Interarch traction for impacted canines
Orthodontic eruption of impacted canines requires proper biomechanics to avoid altering the occlusal plane and stressing the adjacent teeth. Relying solely on the brackets and archwire as anchorage, for example, could create a lateral open bite and bone loss distal to the lateral incisor. This pearl reviews the use of skeletal anchorage in the opposing arch, referred to as interarch traction, as a method to safely erupt stubborn canines.
The impacted canine was extruded with elastics to a miniscrew in the opposing arch. Since the canine was too high for the patient to connect the elastics, an attachment with a long crimpable hook extending from the canine bracket was fabricated.
First, a 0.016" × 0.022" stainless steel wire was bent into a small square, approximately 5 mm × 5 mm. The ends of the wire were held together with composite but alternatively could have been soldered. A long crimpable hook to receive the elastics was connected at the bottom of square. The canine bracket was connected at the top [Figure 1a]. The attachment was connected to the bracket before the surgery and the unit was placed by the oral surgeon.
A miniscrew (1.6 mm diameter × 8.0 mm length) was placed adjacent the mandibular first premolar on the affected side. The orthodontist may choose a location either mesial or distal to the tooth depending on the position of the impacted canine and the skeletal relationship. The angulation of the miniscrew should be kept at 60–90° to the occlusal plane, as a steeper angulation might cause the elastic to slip off the miniscrew head.

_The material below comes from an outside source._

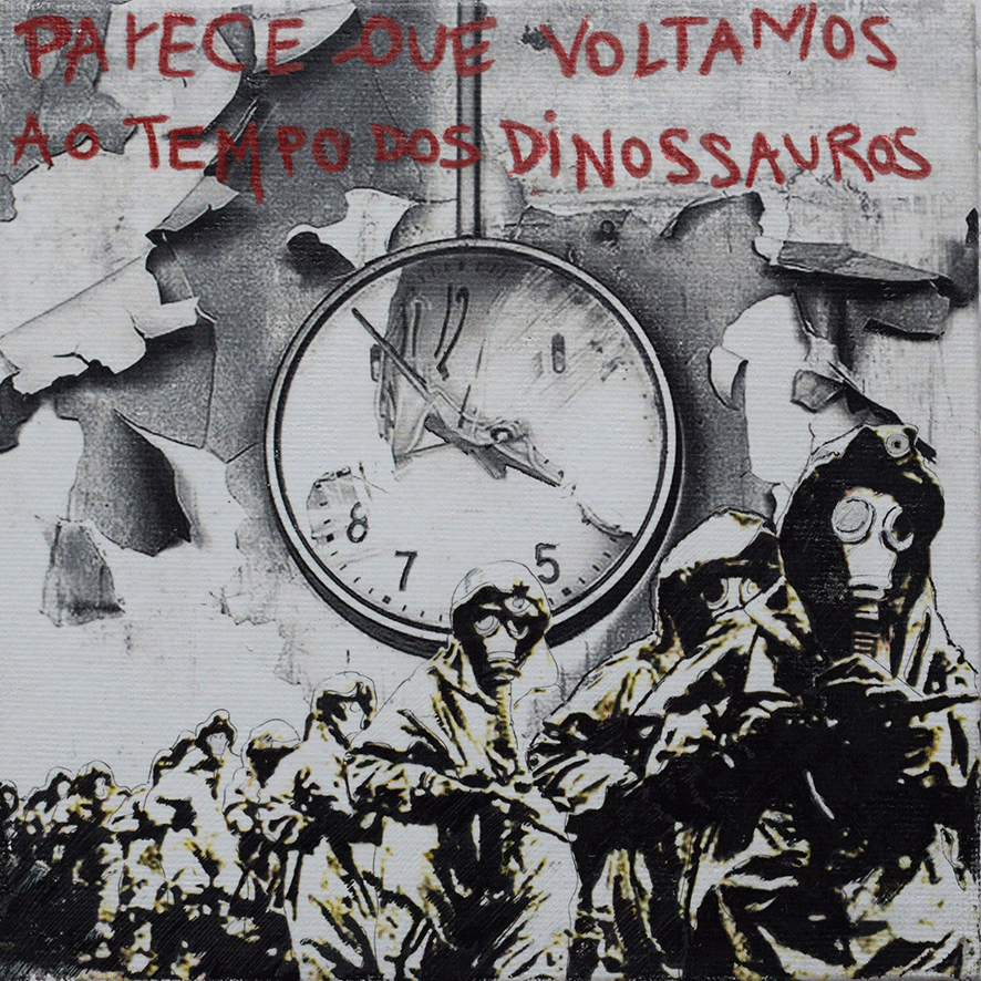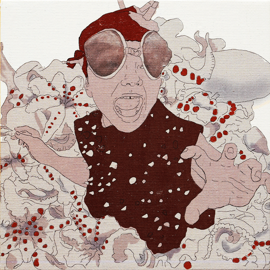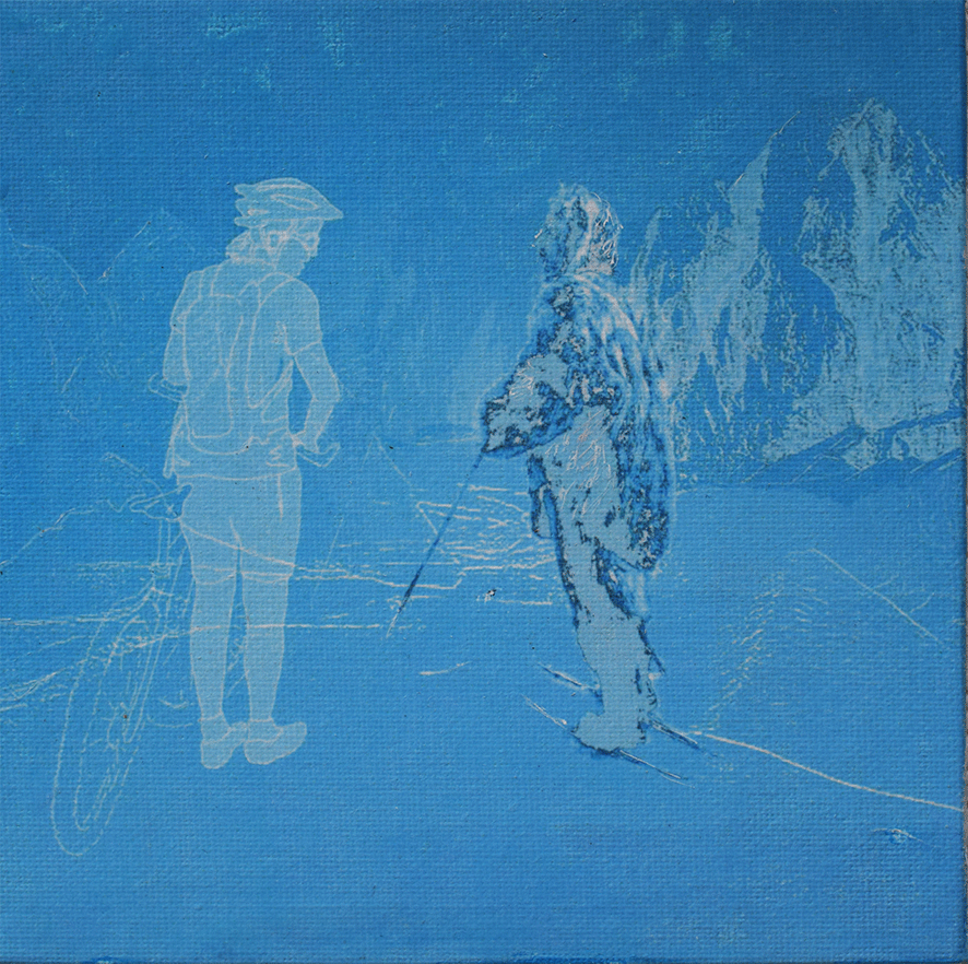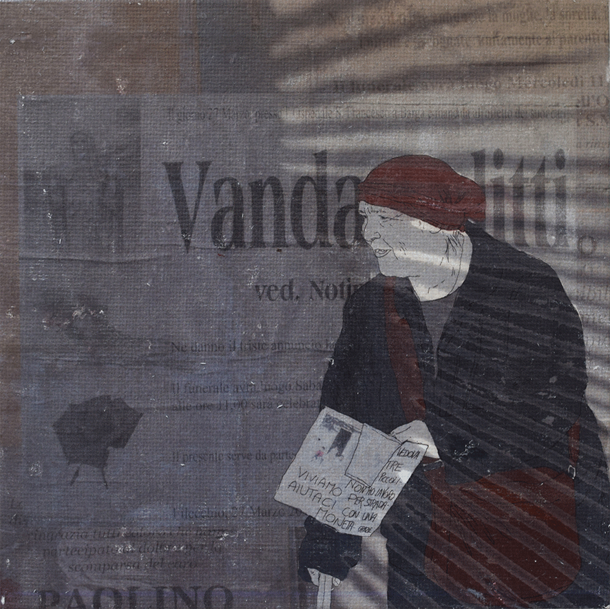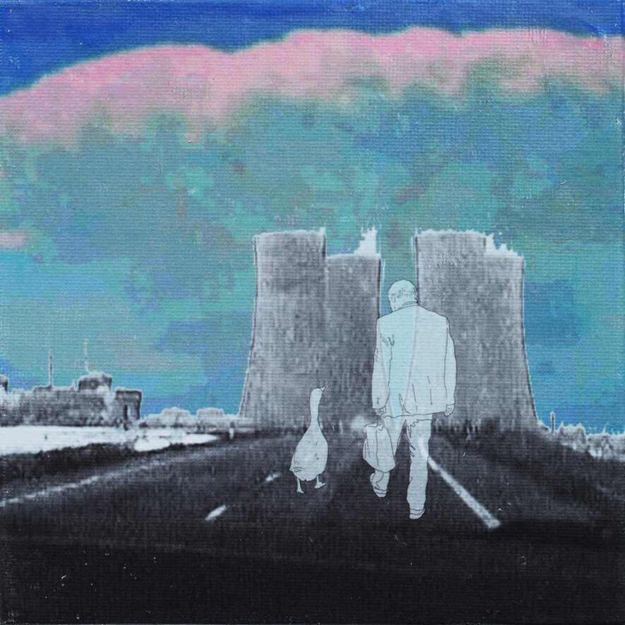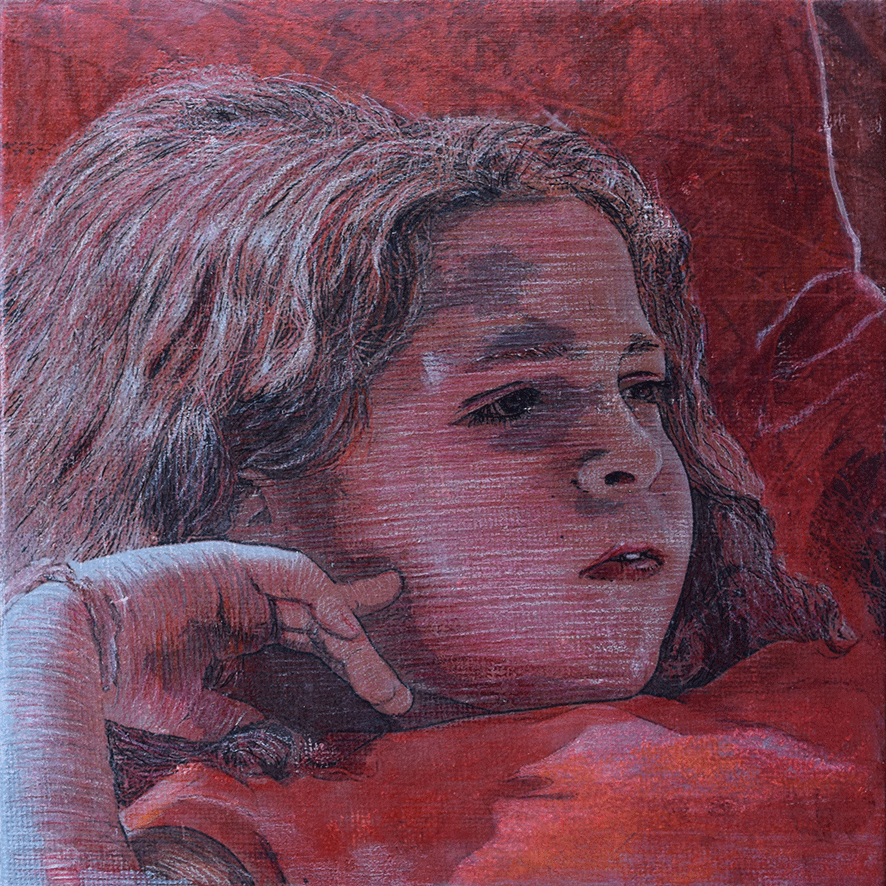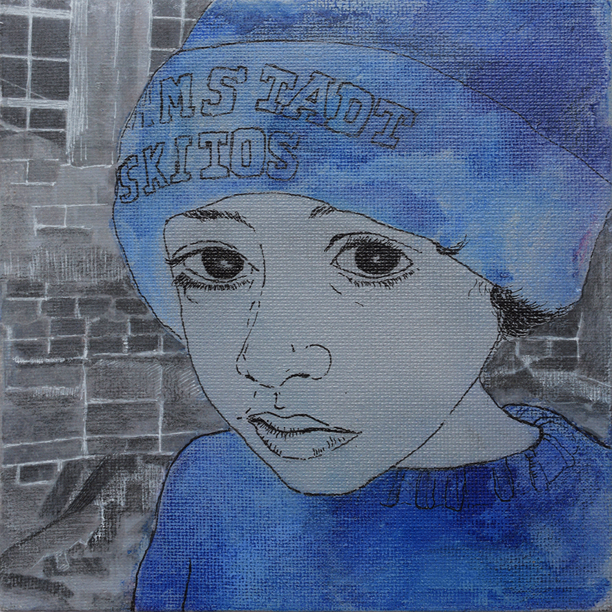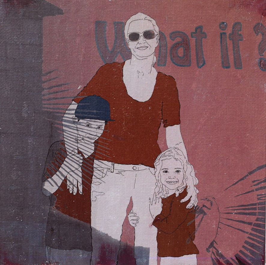 Die Arbeiten umgesetzt habe ich auf 15 x 15cm großen Tafeln. Ich habe gezeichnet - digital und mit Farbstiften - , mit Acrylfarbe gemalt, aquarelliert, collagiert und gedruckt.

A small diameter, medium force elastic (1/8’’, 4.5 ounce) connected the attachment to the miniscrew. The elastic generated a force of about 150 g when connected to the miniscrew. The patient was instructed to thread the elastic behind the open coil spring to avoid placing unwanted pressure on the archwire [Figure 1b]. Step out bends could have been placed in the canine space to make this step easier for the patient. Elastics were worn continuously throughout the day and replaced every 8–12 h. Interarch traction was discontinued once the canine had approximated the archwire [Figure 1c]. The patient had maintained good oral hygiene as it was reinforced that during the traction it would be easy for food or other debris to get stuck within the attachment resulting in malodor, inflammation, or infections.
Ankylosis is the etiologic factor for approximately one- third of all impacted canines that fail to respond to orthodontic traction. If ankylosis is suspected following the development of an open bite, consider transitioning to interarch traction with skeletal anchorage and elastics. It is noteworthy to mention that surgical luxation of the canine is still required. A variation of this pearl would be to utilize a holding arch with buccal hooks in place of a miniscrew.